REQUIRED ACTION: Starting at the line below with "こんにちは、今日も暑いですね" and stopping at the line with "管樁真空吸盤吊運裝置可在上模", please print each line exactly, those two included, and skip every picture.

SUPPLIED DATA:
◇ ◇ ◇

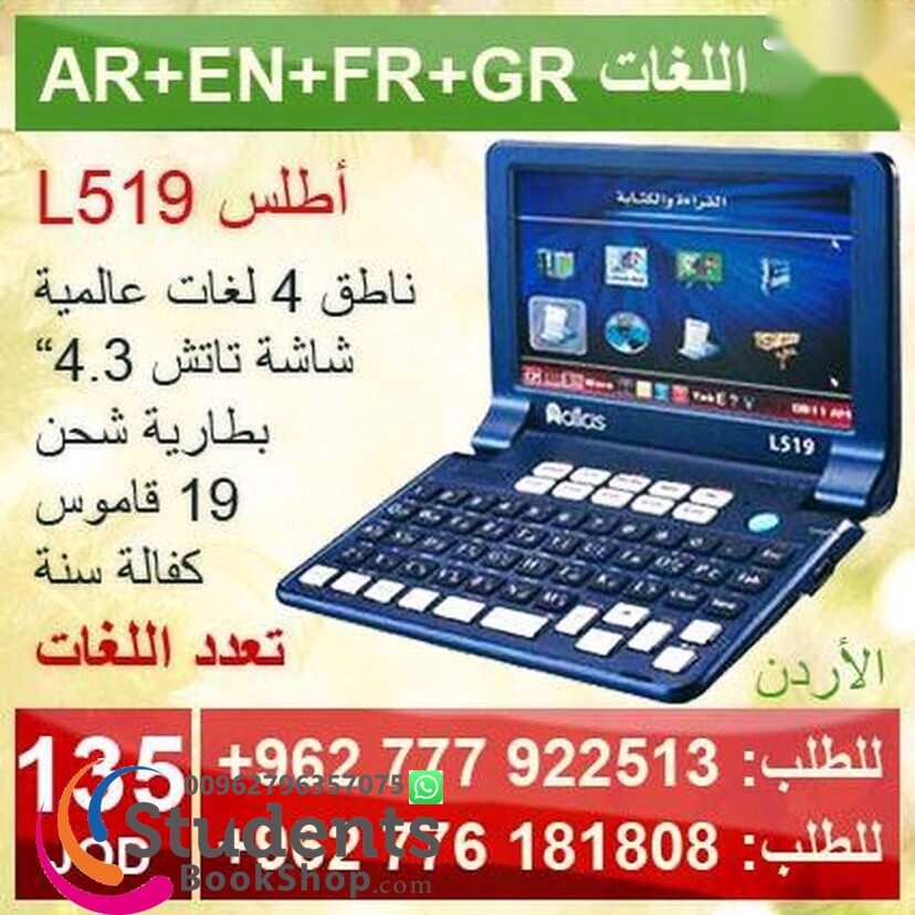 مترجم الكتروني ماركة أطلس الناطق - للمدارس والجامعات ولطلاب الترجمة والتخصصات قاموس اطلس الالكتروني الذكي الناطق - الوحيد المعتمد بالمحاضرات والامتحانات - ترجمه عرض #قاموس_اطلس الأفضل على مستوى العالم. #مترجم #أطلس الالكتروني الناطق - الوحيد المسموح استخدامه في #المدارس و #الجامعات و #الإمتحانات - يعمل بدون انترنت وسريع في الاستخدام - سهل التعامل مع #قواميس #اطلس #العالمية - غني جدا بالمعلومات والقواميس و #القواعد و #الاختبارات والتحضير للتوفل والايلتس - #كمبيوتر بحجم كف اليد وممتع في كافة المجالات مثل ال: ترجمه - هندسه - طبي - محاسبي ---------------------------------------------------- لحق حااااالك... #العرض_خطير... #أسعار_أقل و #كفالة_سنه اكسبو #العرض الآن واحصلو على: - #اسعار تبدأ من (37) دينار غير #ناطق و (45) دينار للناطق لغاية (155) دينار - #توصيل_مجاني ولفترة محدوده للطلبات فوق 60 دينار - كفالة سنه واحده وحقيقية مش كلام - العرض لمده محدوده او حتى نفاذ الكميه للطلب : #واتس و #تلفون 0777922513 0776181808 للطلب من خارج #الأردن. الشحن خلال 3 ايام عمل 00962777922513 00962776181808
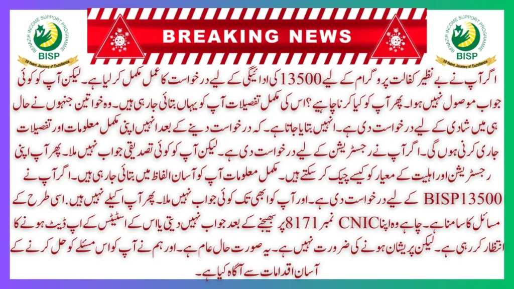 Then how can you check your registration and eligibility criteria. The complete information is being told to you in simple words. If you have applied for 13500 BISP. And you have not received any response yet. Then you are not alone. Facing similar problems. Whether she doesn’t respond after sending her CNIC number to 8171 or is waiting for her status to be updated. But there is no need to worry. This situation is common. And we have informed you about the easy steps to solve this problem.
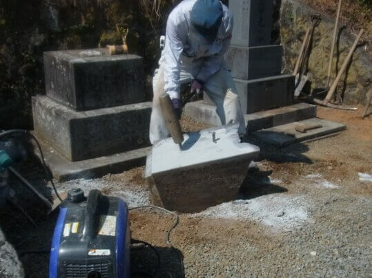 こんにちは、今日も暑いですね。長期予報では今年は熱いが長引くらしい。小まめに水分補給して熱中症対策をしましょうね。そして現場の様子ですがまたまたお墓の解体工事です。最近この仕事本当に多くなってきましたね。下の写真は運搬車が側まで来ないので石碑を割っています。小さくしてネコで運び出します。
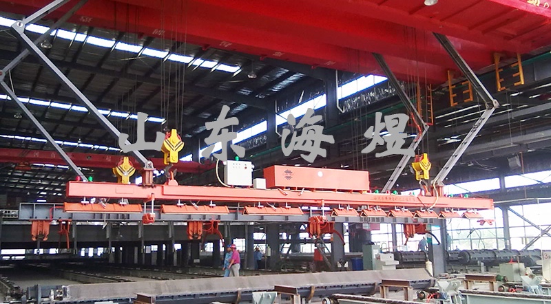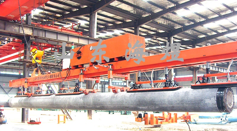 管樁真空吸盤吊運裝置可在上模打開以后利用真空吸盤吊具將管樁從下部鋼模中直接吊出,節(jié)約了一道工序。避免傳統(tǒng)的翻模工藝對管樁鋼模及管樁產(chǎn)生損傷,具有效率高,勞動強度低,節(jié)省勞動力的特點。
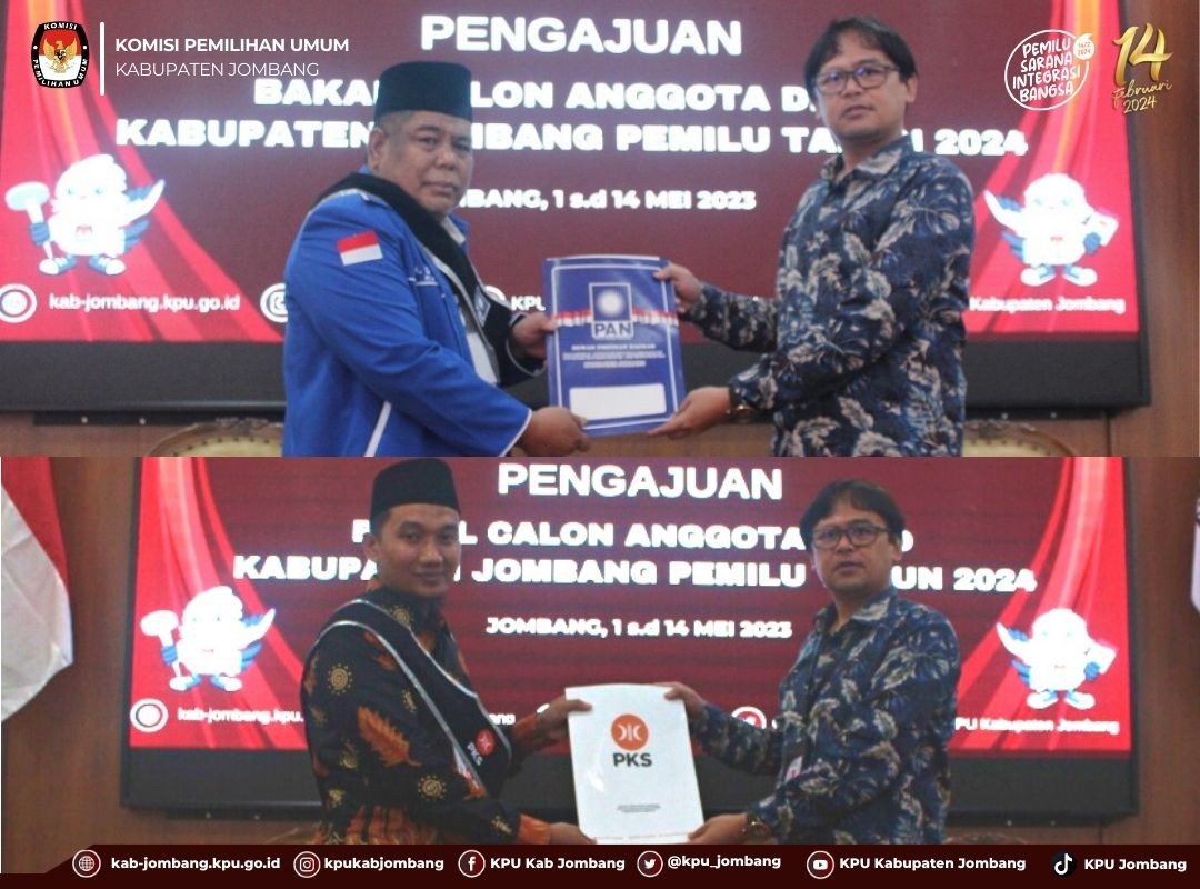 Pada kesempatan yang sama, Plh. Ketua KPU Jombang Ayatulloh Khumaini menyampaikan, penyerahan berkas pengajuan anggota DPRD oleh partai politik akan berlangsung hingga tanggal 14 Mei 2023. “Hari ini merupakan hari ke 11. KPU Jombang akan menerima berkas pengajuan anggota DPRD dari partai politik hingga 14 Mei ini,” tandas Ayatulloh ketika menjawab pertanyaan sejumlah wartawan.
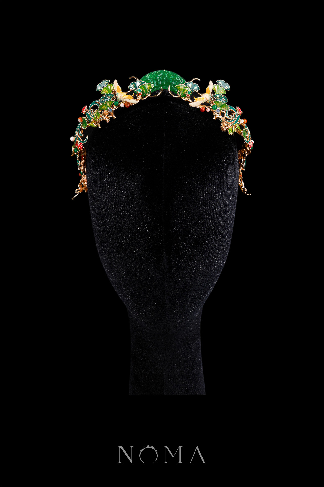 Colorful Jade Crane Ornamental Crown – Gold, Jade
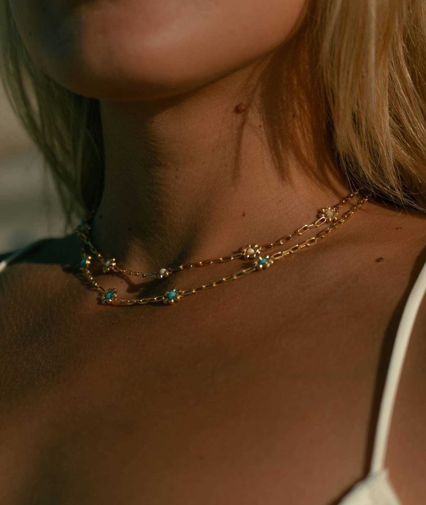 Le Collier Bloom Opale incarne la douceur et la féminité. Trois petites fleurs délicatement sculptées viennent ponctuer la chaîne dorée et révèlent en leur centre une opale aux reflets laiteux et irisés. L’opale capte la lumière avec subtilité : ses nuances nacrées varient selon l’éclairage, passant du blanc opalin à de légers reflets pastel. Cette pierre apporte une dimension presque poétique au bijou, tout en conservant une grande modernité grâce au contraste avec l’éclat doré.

◇ ◇ ◇

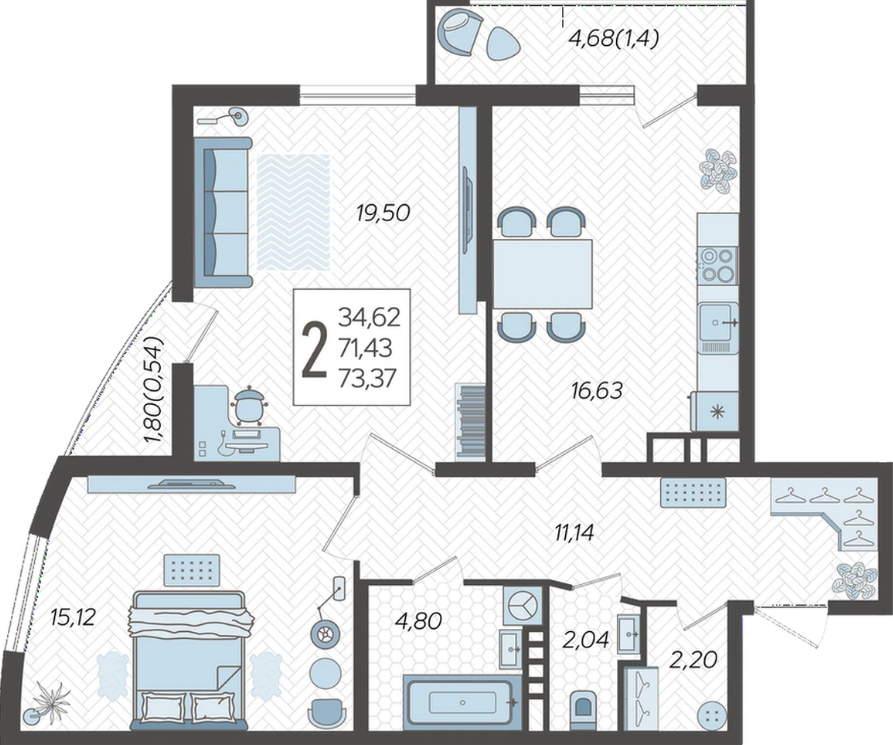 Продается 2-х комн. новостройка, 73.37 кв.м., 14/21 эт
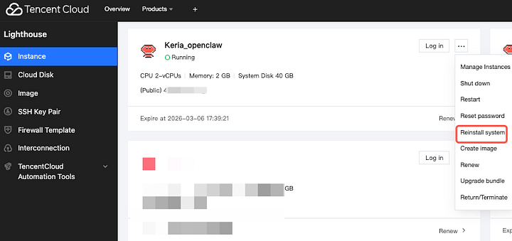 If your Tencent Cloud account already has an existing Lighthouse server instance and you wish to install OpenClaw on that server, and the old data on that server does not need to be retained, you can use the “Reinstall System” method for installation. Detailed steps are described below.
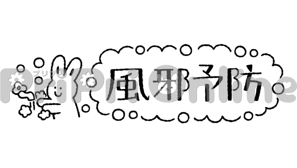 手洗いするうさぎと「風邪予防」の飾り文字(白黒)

◇ ◇ ◇

RESPONSE BELOW:
 こんにちは、今日も暑いですね。長期予報では今年は熱いが長引くらしい。小まめに水分補給して熱中症対策をしましょうね。そして現場の様子ですがまたまたお墓の解体工事です。最近この仕事本当に多くなってきましたね。下の写真は運搬車が側まで来ないので石碑を割っています。小さくしてネコで運び出します。
 管樁真空吸盤吊運裝置可在上模打開以后利用真空吸盤吊具將管樁從下部鋼模中直接吊出,節(jié)約了一道工序。避免傳統(tǒng)的翻模工藝對管樁鋼模及管樁產(chǎn)生損傷,具有效率高,勞動強度低,節(jié)省勞動力的特點。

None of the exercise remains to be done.